_Assignment_.
With pictures excluded, output exactly the lines that run from the first line of the data below through the line containing "Seamoly Womens Small".

Recorded information section start

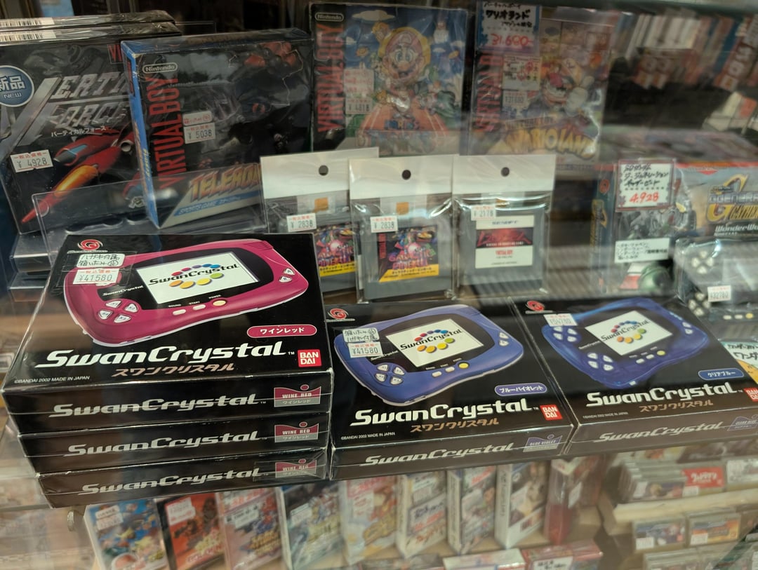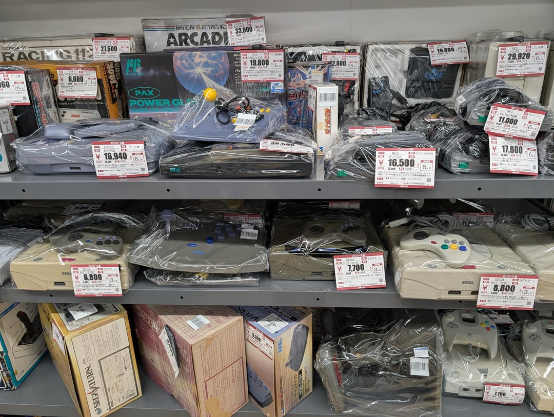 I also like to find unusual hardware that never made it outside of Japan. There's things a lot of folks know about like the WonderSwan and the Famicom Disk System, but sometimes I stumble on systems I'd never even heard of. Take a look behind the Saturn collection – what even is an Arcadia? (This, apparently!).
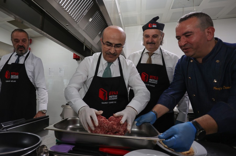 BTSO Mutfak Akademi'de önlük giyip tezgah başına geçen Vali Demirtaş, "Pideli köfte, sadece bir yemek değil, aynı zamanda Bursa'nın zengin kültürel mirasının bir parçası. Bu lezzeti sizlerle paylaşmaktan ve Bursa'mızın gastronomi kültürünü yaşatmaktan gurur duyuyoruz" dedi.
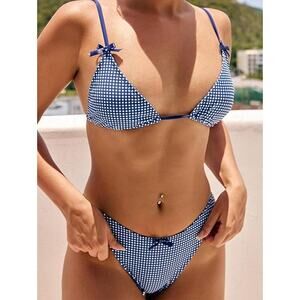 Seamoly Womens Small Gingham Tie Back Two Piece Thong Triangle Bikini Swimsuit
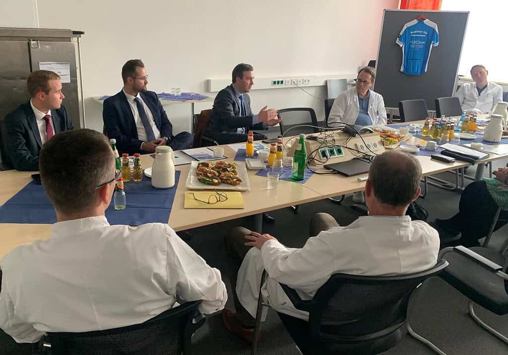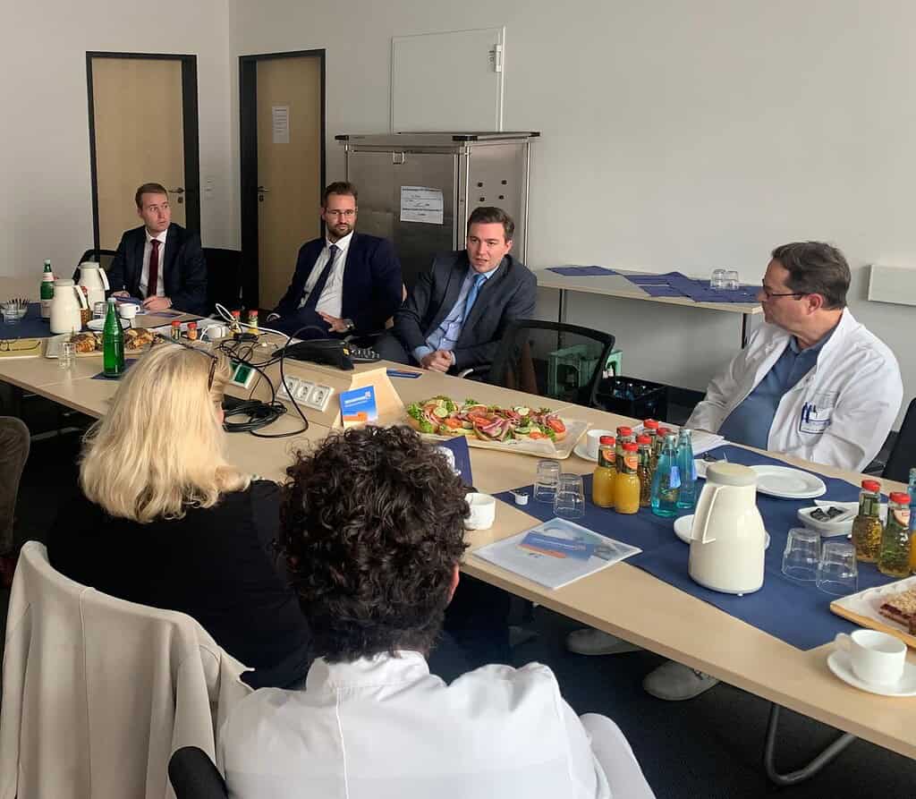 Am 17.10.24 besuchte das damalige Mitglied des Hessischen Landtages und Vertreter Gießens im Hessischen Landtag Herr Frederick Bouffier mit seinen Büromitarbeitern das Transplantationszentrum Gießen. Hintergrund des Besuches war, das Herr Bouffier sich über die Arbeit des Transplantationszentrums informieren wollte und mit dieser Bitte sich an uns gewandt hatte. Die Ärztlichen Leiter Vertreter der verschiedenen Transplantationsprogramme wie des Nierentransplantationsprogrammes, der Kinderherztransplantation und der Lungentransplantation stellten in diesem Zusammenhang ihre Arbeit vor. So hat das Transplantationszentrum in Gießen beispielsweise im Bereich der Herztransplantation eine große Expertise seit den 80er Jahren und zählt zu den führenden Zentren im Bereich Kinderherztransplantation innerhalb Deutschlands.

Recorded information section end

_Reply_.
 I also like to find unusual hardware that never made it outside of Japan. There's things a lot of folks know about like the WonderSwan and the Famicom Disk System, but sometimes I stumble on systems I'd never even heard of. Take a look behind the Saturn collection – what even is an Arcadia? (This, apparently!).
 BTSO Mutfak Akademi'de önlük giyip tezgah başına geçen Vali Demirtaş, "Pideli köfte, sadece bir yemek değil, aynı zamanda Bursa'nın zengin kültürel mirasının bir parçası. Bu lezzeti sizlerle paylaşmaktan ve Bursa'mızın gastronomi kültürünü yaşatmaktan gurur duyuyoruz" dedi.
 Seamoly Womens Small Gingham Tie Back Two Piece Thong Triangle Bikini Swimsuit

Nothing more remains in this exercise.